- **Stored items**
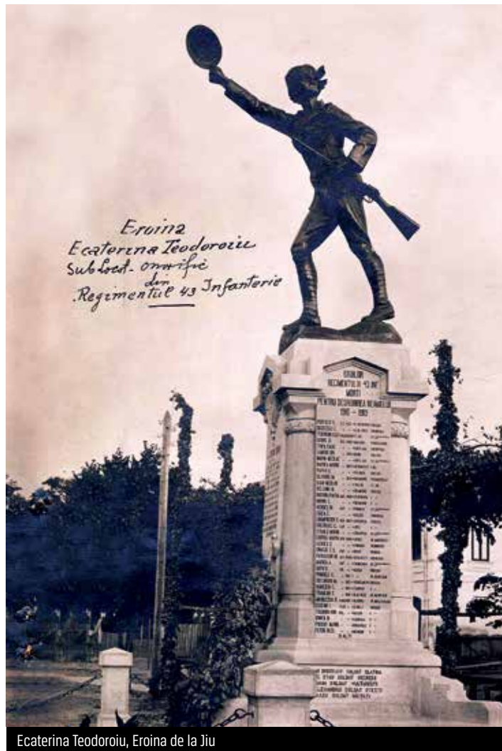
Ecaterina Teodoroiu, Eroina de la Jiu

te șovăind, întreținându-se cu fiecare din noi. Caută cu ochii săi negri să ne cuprinză și să ne citească în suflete spre a întrevădea ce simțim. Deși tânără, totuși se vede că avea suflet mare; privește drept înainte și pare a spune: «- Deși sunt femeie, am luptat și mi-am vărsat sângele pentru apărarea Patriei. Sângele meu care a curs să vă fie imbold în viitor». O vedem cu toții: pe piept îi sclipește «Virtutea Militară» 5 .
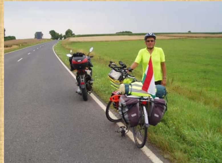
Nach Passau und vor Neumarkt treffe ich auf einen Lanzmann!
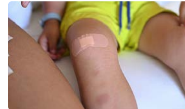
¿Es segura la vuelta al Colegio sin enfermeras escolares?
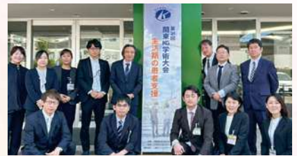
▲ 列島会の皆様とむすびメンバーにて
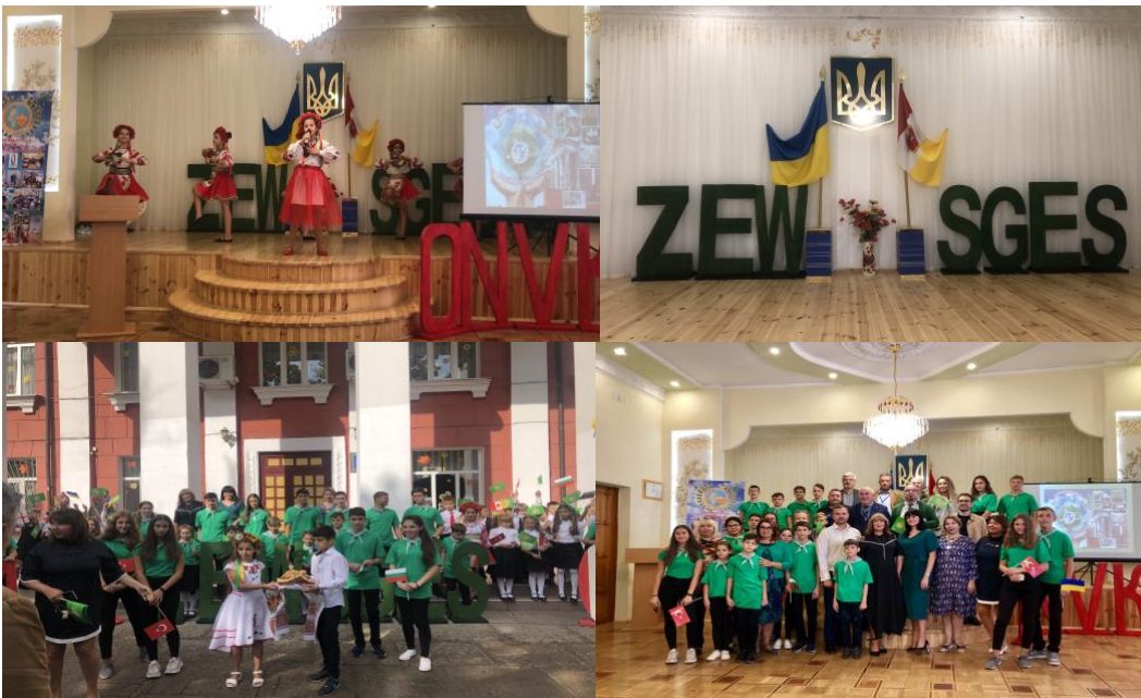
ილუსტრაცია 5. სურათები გადაღებულია სკოლებში EEP ტრენინგის დროს, ოდესა (უკრაინა)

- **Description of the task**
Would you set down each line of the data exactly, with no images included?

- **Written response**
Ecaterina Teodoroiu, Eroina de la Jiu

te șovăind, întreținându-se cu fiecare din noi. Caută cu ochii săi negri să ne cuprinză și să ne citească în suflete spre a întrevădea ce simțim. Deși tânără, totuși se vede că avea suflet mare; privește drept înainte și pare a spune: «- Deși sunt femeie, am luptat și mi-am vărsat sângele pentru apărarea Patriei. Sângele meu care a curs să vă fie imbold în viitor». O vedem cu toții: pe piept îi sclipește «Virtutea Militară» 5 .
Nach Passau und vor Neumarkt treffe ich auf einen Lanzmann!
¿Es segura la vuelta al Colegio sin enfermeras escolares?
▲ 列島会の皆様とむすびメンバーにて
ილუსტრაცია 5. სურათები გადაღებულია სკოლებში EEP ტრენინგის დროს, ოდესა (უკრაინა)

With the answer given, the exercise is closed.